Едва добежал! Стул был водянистым – одна желчь…
Оглядел клозет изнутри. Он стоял на глубокой яме, на двух перекинутых поперек, бревнах. Огромные щели, со всех сторон, работали как пылесос и аэродромный ветер сквозил ото всюду. Снизу из отверстия ветрюган давил мощным столбом, как в аэродинамической трубе.
– Сейчас взлечу! – подумал я. Но это были мелочи. Жутко напрягало: все что я отправлял вниз, зависало и старалось вернуться на меня! Я скакал и уворачивался…
На стоянке нашел механика летунов. Он скинул две парашютных спасательных системы С-3-3 на крыло. Одна система показалась мне, необычайно легкой. Засунул руку под авизентовый клапан. Нащупал решетку каркаса. Купола не было!!

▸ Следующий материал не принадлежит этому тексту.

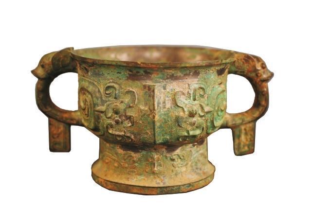 器物保存完整,紋飾十分講究,造型圖案十分精美,為國家一級文物。通高14.6厘米,口徑19厘米,底徑14.3厘米。鑄造工藝在西周時期屬于較為上乘之作。夔紋是圖騰紋飾,《說文》中云:“夔如龍而一足。”簋的兩邊為耳,呈環(huán)狀。上部各有一變形的龍首,顯得十分莊重、大氣。整個器物周身布滿綠銹,脫銹之處露出青銅光澤,透出歷史的厚重之美。
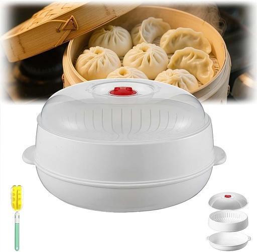 Microwave Steamer,2025 New Microwave Oven Steamer with Lid and Tray,Microwave for Vegetables,Independent Design with Drainage Layer, Used for Cooking Dumpling and Vegetables (Single layer)
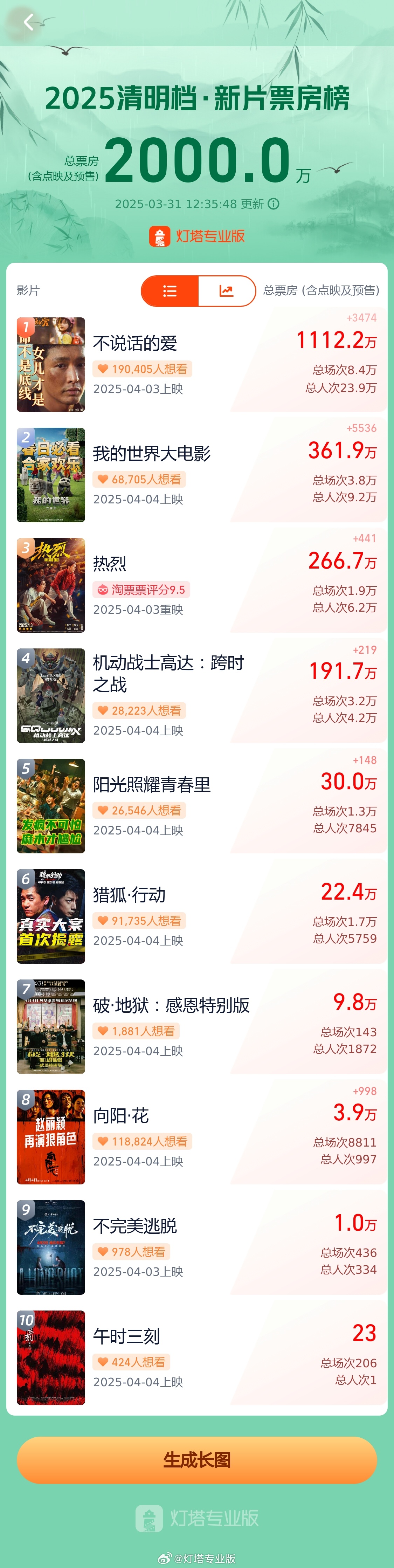 据灯塔专业版,截至3月31日12时35分,2025年清明档10部新片(含重映)预售总票房(含点映)突破2000万。
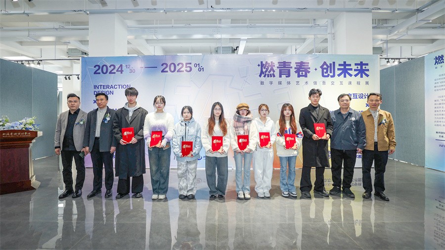 此次展览共评选出一等奖2组、二等奖6组、三等奖8组。获奖作品主题涵盖了非遗文化、老龄化、艺术疗愈等多个领域,充分展示了学生在数字媒体艺术方面的创新能力和实践成果。在充满激情和热烈的氛围中,出席领导、嘉宾现场为获奖学生颁发了荣誉证书。

Свободные концы подвесной системы были аккуратно заправлены под клапана. Потянул – они выпали вожжами – остались куски в пятнадцать сантиметров. Отпилены ножовкой по металлу или стропорезом. Ножом перерезать капроновую ленту шириной шестьдесят, толщиной четыре миллиметра, у злоумышленников, видимо, не вышло. В нескольких местах были надрезы, не пропиленные вглубь. Расщёлкнул защитный клапан над зачековочным тросиком – контровочная нитка с контрольной пломбой не сорваны. Значит купол вытянули через верхний клапан, а отрезанные свободные концы подпихнули под боковые клапаны.
– Пойду начальника ПДС обрадую! – сказал я, закидывая целую систему на спину, а распотрошённую на правое плечо. Подошел механик борта.
– Ну что, забираешь на перекладку?
– А что тут переукладывать? – я похлопал по пустому ранцу.
«Механ» округлил глаза:
– Ёкнули!
– Зачем это тряпье кому-то понабилось? А если бы ЛП (летное происшествие) и твоим летунам пришлось бы прыгать? – недоумевал я.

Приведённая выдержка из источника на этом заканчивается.